The first important gold finds in Western Australia were in the Kimberley area of the north-west where gold was discovered in 1883. John travelled to the west in company with two other residents of the Bendigo Region but he remained there after the others returned. A letter from John to his brother, William, dated "Kimberley, WA, 3/1/87", talks of the hardships on the goldfields and this is referred to again in an article in the Bendigo Advertiser (22 February 1887) which suggests that the venture was only marginally successful ... "The party had a rough time of it, and the whole result of the expenditure of some hundreds of pounds was the obtaining of 11 ozs of gold".
Despite this, John continued prospecting for a few years and a Miner's Right for the Pilbara Goldfield (further to the south) was issued to him on 21 May 1894.
In 1896, however, John apparently had had enough of prospecting and he undertook a cattle drive from the DeGrey River in the north-west to Dongara on the east coast, a journey of about 1400 kilometres that took some 5 months.
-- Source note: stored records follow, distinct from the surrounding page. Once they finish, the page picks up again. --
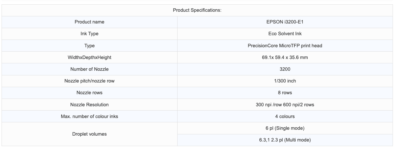 The Epson authorized i3200-E1 Water is a cost-effective 1.33inch-wide MEMs head series providing high productivity and high image quality with (600 dpi/colour) high-density resolution. This printhead is suitable for water based inks. Ink ejection of up to 4 colours realize with high resolution.PrecisionCore print head has proven high durability and extended service life by Epson's industrial printers.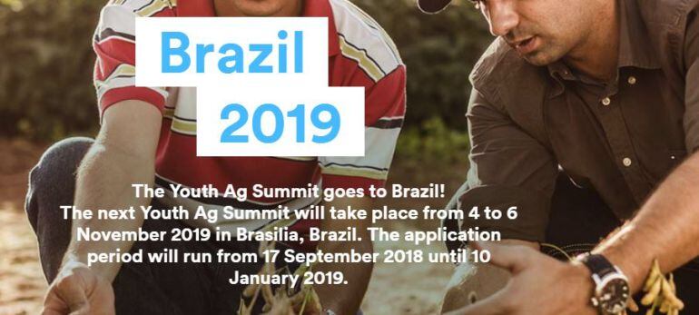 Si usted, su hermano, su hijo, su vecino o su conocido es un ser apasionado por el agro, le preocupa el futuro de la alimentación en el planeta y tiene vocación emprendedora, podría hacer parte del grupo de 100 jóvenes que se reunirán entre el 4 y el 6 de noviembre de 2019 en Brasilia, la capital de Brasil.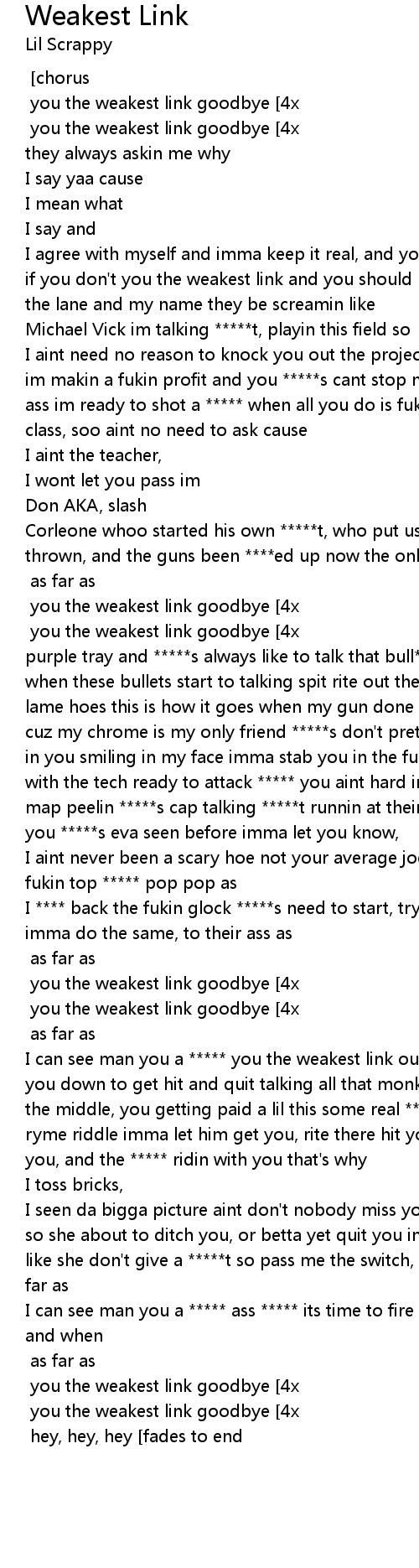 | [2x] you the weakest link goodbye [4x] [Trillville] hey, hey, hey [fades to end] |

John's grandson Adrian Lyons has transcribed a journal that John kept during the cattle drive - the full transcript is included as an appendix to 'Ellendale and Beyond'. As Adrian comments; "Things have changed very little along his route to this day and having passed through much of it myself, I can appreciate some of the hardships that they must have endured in their daily activities. It's a pity that he wasn't more descriptive in his notes."
Subsequently, John settled in the Donnybrook area in Western Australia's south west and purchased the farming property 'Queenwood', 10km north-east of Donnybrook in 1899.